И если — вместо того, чтобы рассориться с Одеттой и даже не повидаться с ней перед ее отъездом, — он пошлет ей денег, поощрит в ней это желание, и если благодаря его стараниям путешествие окажется для нее приятным, то она прибежит к нему счастливая, благодарная, и опять он ей обрадуется, а между тем этой радости видеть ее он был лишен почти целую неделю — радости, которую ему ничто не могло заменить. Ведь когда он думал о ней без отвращения, когда он опять улавливал ласку в ее улыбке, когда ревность не примешивала к его любви желание вырвать ее из объятий другого, его любовь вновь превращалась прежде всего в блаженство тех ощущений, какие в нем вызывала Одетта, в блаженство любоваться ею как зрелищем, изучать, как особое явление, рассвет ее взоров, возникновение ее улыбки, звук ее голоса. И вот из этого ни с чем не сравнимого наслаждения у Свана в конце концов выросла потребность в Одетте, которую только она способна была удовлетворить своим присутствием или своими письмами, потребность, почти такая же бескорыстная, почти такая же эстетическая, такая же неестественная, как и другая потребность, характерная для этого нового периода в жизни Свана, когда бесплодность, вялость минувших лет уступила место крайней напряженности духовной жизни, причем нежданное это обогащение его внутреннего мира было так же ему непонятно, как непонятно человеку слабого здоровья, отчего это он вдруг крепнет, полнеет, на время создавая впечатление у окружающих, что он на пути к полному выздоровлению: потребность, которая тоже развивалась у Свана вне всякой зависимости от внешнего мира, — потребность слушать и понимать музыку.

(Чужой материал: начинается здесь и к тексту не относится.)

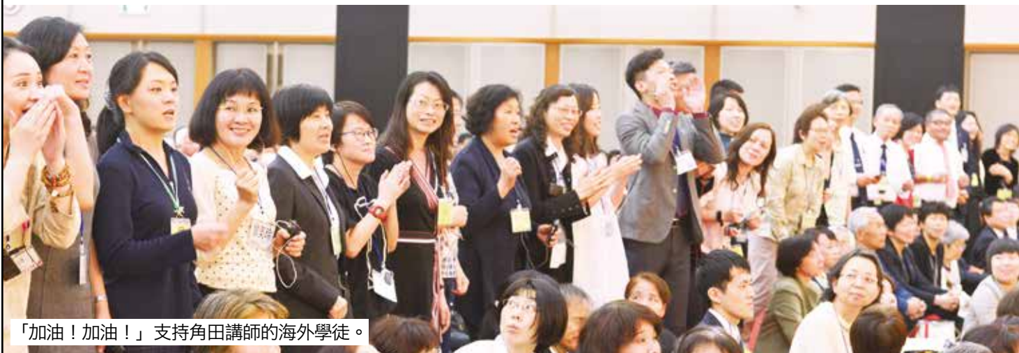
「加油！加油！」支持角田講師的海外學徒。

最後決戰已經正式開始了。我們現代的親鸞學徒決不能輸給八百年前、五百年前的同朋們。善知識的……只要是善知識的指示（命令），我們的回答就是「聽命」。

Так, в силу химизма своего заболевания, выработав из любви ревность. Сван опять принялся выделывать нежность, выделывать жалость к Одетте. Она вновь превращалась в милую, прелестную Одетту. Его мучила совесть за то, что он бывал с нею груб. Ему хотелось сделать ей что-нибудь приятное, чтобы потом она пришла к нему и чтобы он увидел, как благодарность высекает ее лицо и вылепливает ее улыбку.
А она, уверенная, что спустя несколько дней Сван, такой же нежный и покорный, придет к ней мириться, привыкла к этому и уже не боялась ему разонравиться, не боялась даже злить его, и когда ей было почему-нибудь неудобно дарить его ласками, которыми он особенно дорожил, она ему в этом отказывала.
Может быть, она не отдавала себе отчета, насколько искренен бывал он во время ссор, когда заявлял, что не пришлет ей денег, и старался сделать ей больно. Может быть, она не отдавала себе отчета и в том, насколько искренен бывал он, во всяком случае, с самим собой, когда, ради прочности их отношений притворяясь, что может обойтись без Одетты, что разрыв его не пугает, некоторое время не появлялся у нее.
Иногда он переставал бывать у Одетты после того, как она несколько дней ничем его не огорчала, а так как он знал, что предстоящие свидания большой радости ему не доставят, скорей наоборот: опечалят его, и это нарушит его покой, то он писал ей, что очень занят и не сможет приехать в условленные дни. А она в письме, которое разошлось с его письмом, как раз просила его перенести свидание. Он задавал себе вопрос, что это значит; его подозрения оживали, его душевная пытка возобновлялась. Он бывал так взволнован, что уже не мог держаться той линии, какую он себе наметил в состоянии относительного спокойствия, — он бежал к ней и требовал ежедневных свиданий. И если даже не она писала первая, если она только отвечала ему, давая свое согласие на краткую разлуку, все равно он уже не мог без нее жить. Дело в том, что, вопреки расчетам Свана, согласие Одетты все в нем переворачивало. Подобно тем, кто обладает чем-либо, Сван, чтобы посмотреть, что будет, если он на время это утратит, устранял это из своего сознания, а все прочее оставлял как было. Но изъятие чего-либо — это ведь не просто изъятие, это не просто частичная нехватка, это крушение всего остального, это уже новое состояние, которое нельзя предугадать в прежнем.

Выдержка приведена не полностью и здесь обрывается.